Ron Lieber explains two federal student loan policy changes effective July 1, 2025: new borrowing caps limiting parent PLUS loans to $20,000 annually ($65,000 total) and graduate loans to $20,500–$50,000 annually, plus an earnings test that cuts federal loan access to programs whose graduates underperform high school earners.

Key Questions Answered

  • Parent PLUS Loan Caps: Parents can now borrow a maximum of $20,000 per year and $65,000 total through federal PLUS loans for undergraduate students. Since some universities charge over $100,000 annually for tuition and room and board combined, families facing this gap must identify alternative funding sources — private loans, institutional grants, or lower-cost schools — before enrollment decisions are made.
  • Graduate Loan Limits by Program Type: Federal graduate loans are now capped at $20,500 annually ($100,000 aggregate) for standard master's programs, and $50,000 annually ($200,000 aggregate) for professional programs like law, medicine, and business school. Students should verify whether their specific program qualifies as "professional" under the new rules, as ongoing litigation means classifications remain unsettled.
  • Earnings Test Mechanism: Programs whose alumni fail to out-earn state-level high school graduates (ages 25–34) in two out of three consecutive measurement years will lose federal loan eligibility entirely. For graduate programs, the benchmark is median earnings of bachelor's degree holders aged 25–34. Prospective students should research program-specific earnings data before borrowing, as religion and fine arts degrees are flagged as high-risk.
  • 14,000 New Master's Programs Created: Between roughly 2005 and 2025, universities launched approximately 14,000 new master's degree programs, many designed as revenue generators requiring no expensive labs or infrastructure.
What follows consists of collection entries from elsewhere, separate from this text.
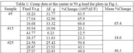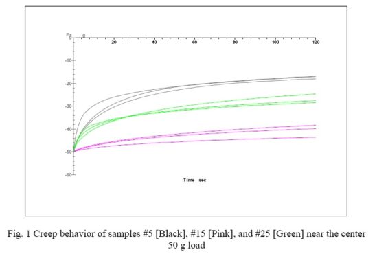 120초간 CREEP 시험(시험 편(試驗片)에 일정한 하중을 장시간 가함으로써 생기는 변형과 경과 시간과의 관계를 측정하여 크리프 강도 따위를 조사하는 시험.)을 하였고 아래 샘플 3가지에 대하여 3번의 반복시험을 한 결과, 각 시편은 반복성이 있는 결과를 보여주며, 검정색 5번시편이 CREEP 강도치가 가장 높은 결과 보여준다. 이 시험의 경우, 시험초기 50g 하중을 강제적으로 적용하고, 이후 로크웰 팁에 걸리는 하중의 변화를 120초간 측정하여 CREEP강도 시험을 편하게 하였다, 수직하중에 대한 수직으로 변형되는 변위를 측정도 가능하다.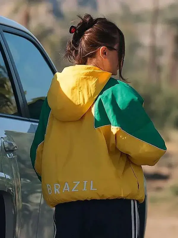The design reflects the signature streetwear aesthetic often seen in Hailey Bieber’s outfits. With a modern silhouette, clean finish, and hooded design, this jacket balances minimalism with bold presence. The relaxed fit gives it a laid-back vibe while still flattering the body, making it easy to style with jeans, leggings, cargos, or oversized hoodies. Whether you’re aiming for a casual coffee-run look or a styled streetwear outfit, this jacket fits right in.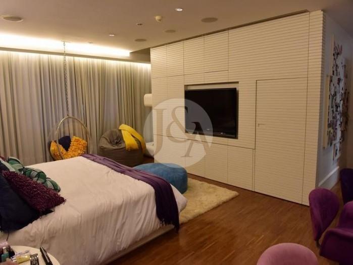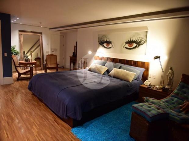 A mansão possui 2.626 m² de área construída, com amplos cômodos distribuídos em hall de entrada, sala de estar, sala de jantar, sala de TV, três lavabos, varanda aberta, jardim de inverno, escritório, cozinha gourmet, seis suítes, closet, cozinha, copa separada, suíte para governanta, despensa, louceiro, área de serviço, lavanderia, duas dependências completas no subsolo. A área externa conta ainda com piscina, espaço gourmet, jardim, canil e anexo com sala de ginástica e pilates, sauna a vapor, spa, hidromassagem e vestiário. A mansão tem garagem para pelo menos oito carros. O condomínio oferece portaria e vigilância 24 horas.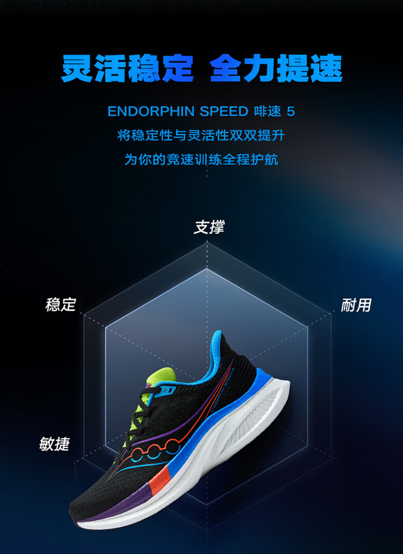 Saucony索康尼 啡速5男女款轻便缓震透气舒适回弹全能竞速运动跑步鞋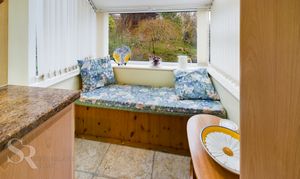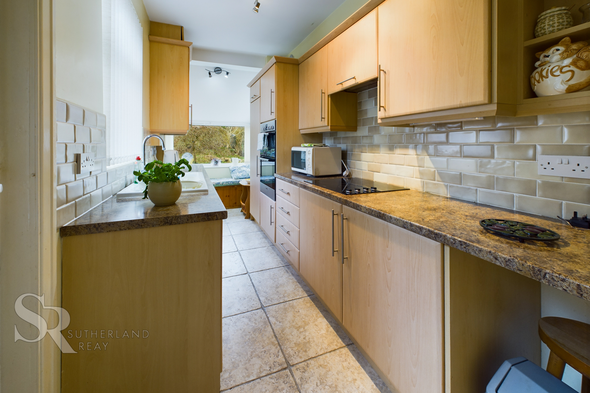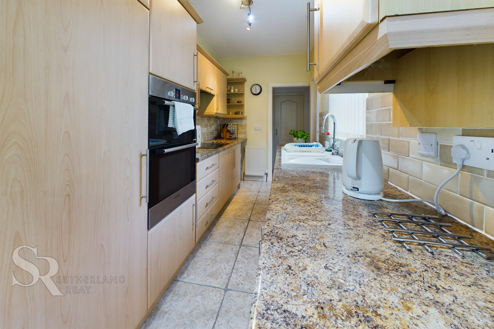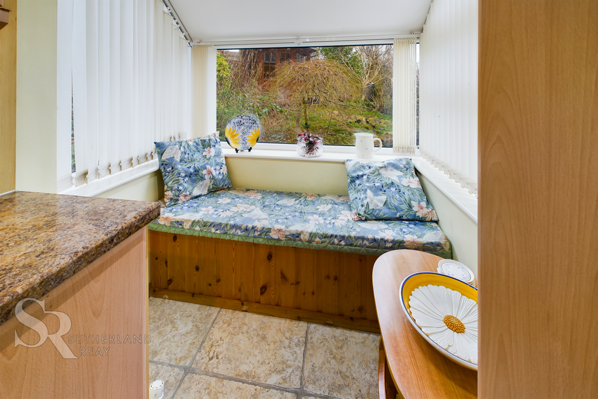 Double glazed uPVC door to the side elevation, matching beech wall and base units with brown marble effect worktops, Metro tiled splashbacks, white porcelain sink with chrome mixer tap over, integral electric oven and grill, electric hob with extractor over. Snug area with bonket seating and 180 degree double glazed uPVC windows, access to under stairs storage cupboard, radiator, tiled floor.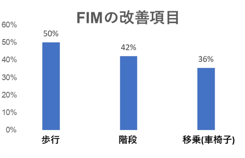 改善したFIM項目については、歩行、階段、移乗(車椅子への乗り移り)が多かった。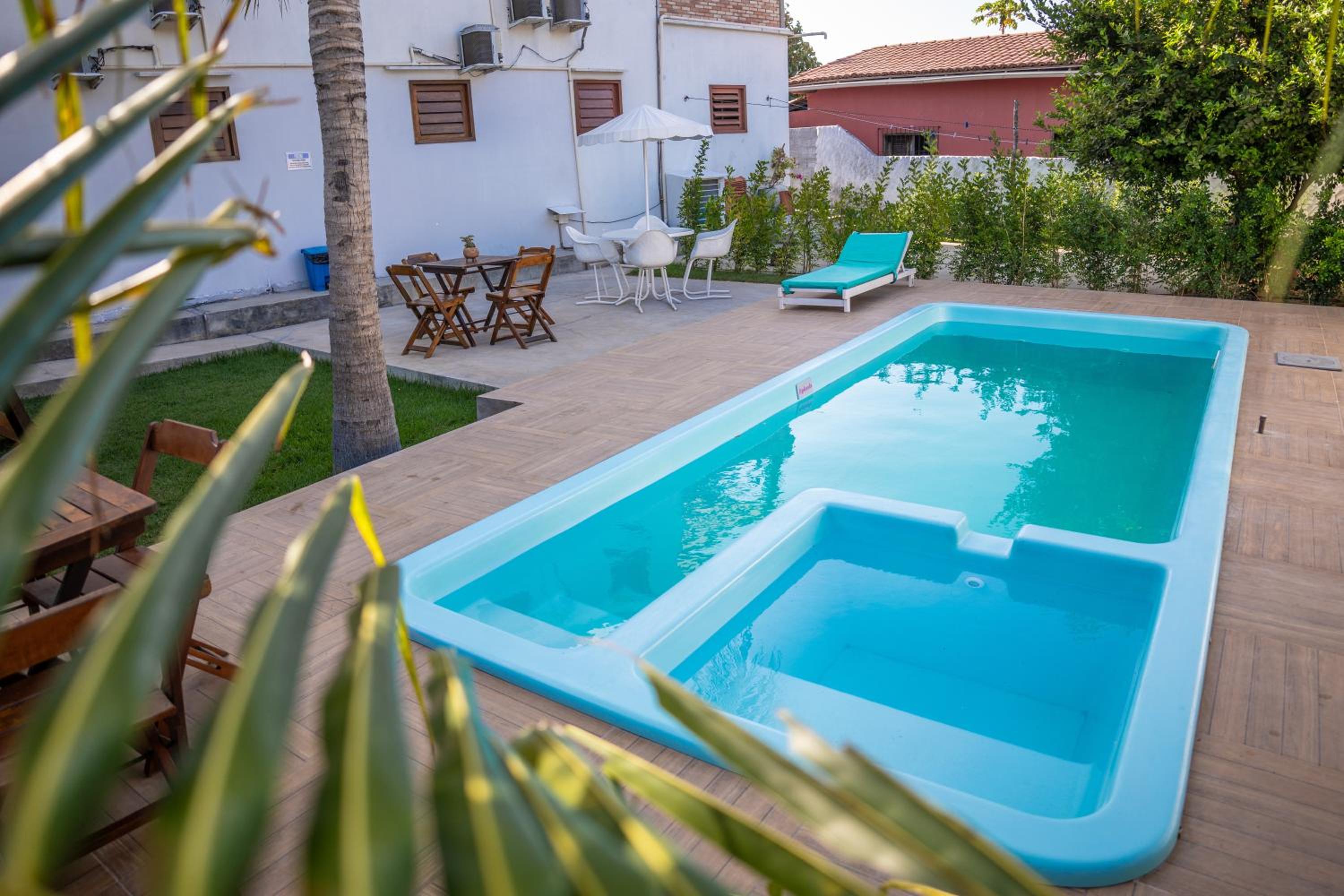 Enjoy a relaxing stay at Flats Villa Gelú with its refreshing outdoor swimming pool and lush garden, perfect for unwinding under the sun.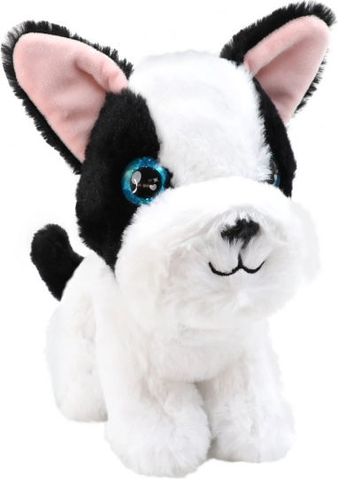 Plišasti kužek s črno-belim kožuhom in velikimi očmi je prijeten na dotik ter idealen za crkljanje in igro.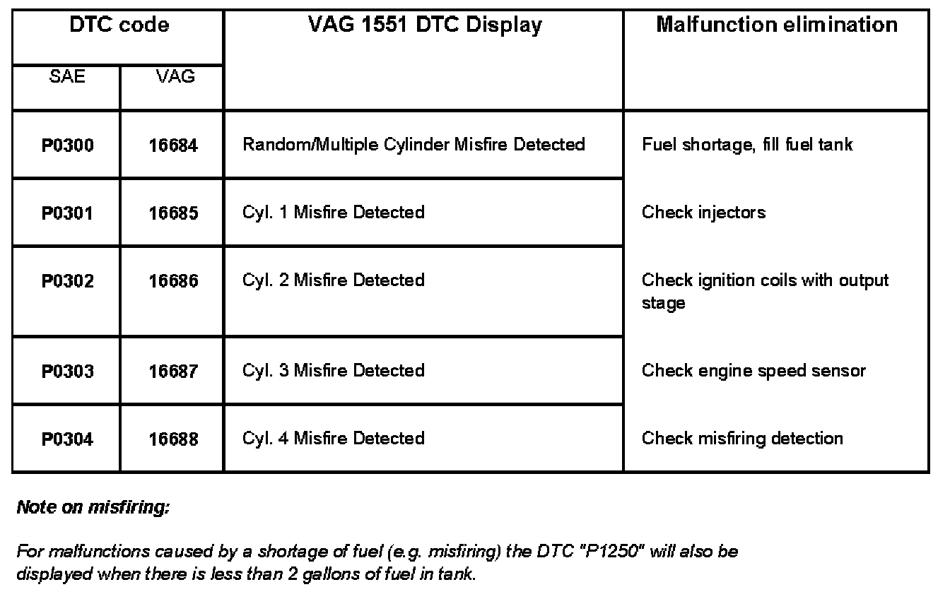 DTC P0300 - P0304:
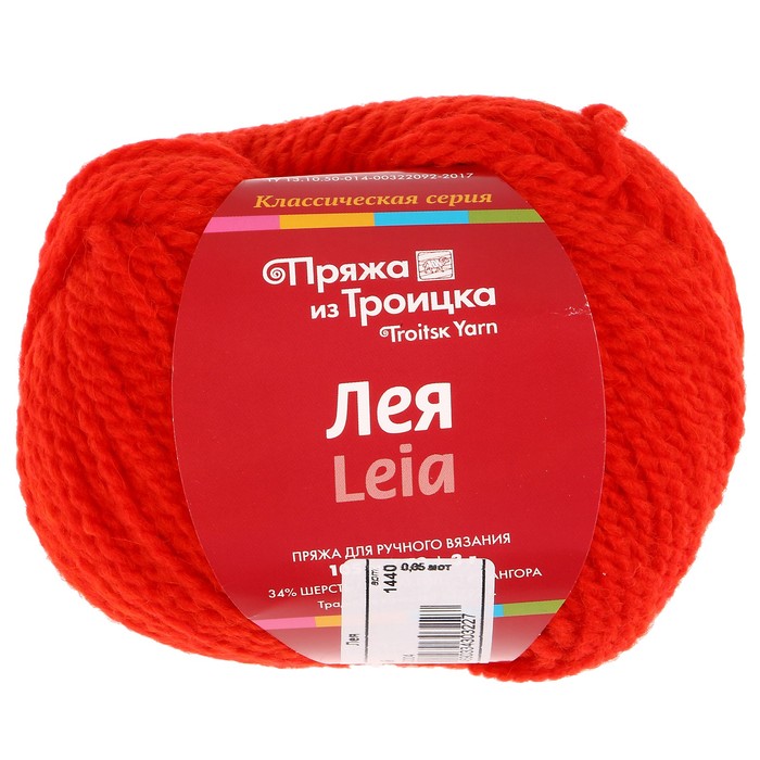 Пряжа "Лея" 34% шерсть, 48% акрил, 18% ангора 105м/50г (1440 алый)

Students should scrutinize any master's program created within the last decade by requesting concrete alumni earnings data and career placement rates directly from the institution before committing to borrowing.
  • Public Service Loan Forgiveness Complexity: Borrowers pursuing the 10-year public service forgiveness path face significant administrative failure risk — incorrect repayment plan enrollment, non-qualifying employers, or paperwork errors can invalidate years of payments. Anyone relying on this program should annually certify employment eligibility, confirm their repayment plan qualifies, and maintain documentation rather than assuming compliance.

Notable Moment

When the Obama administration tightened loan underwriting standards in 2011 to address runaway borrowing, several historically Black colleges and universities nearly collapsed within two years because their students disproportionately relied on parent PLUS loans. The administration reversed course by 2014, illustrating how reform attempts can produce severe unintended consequences for vulnerable institutions.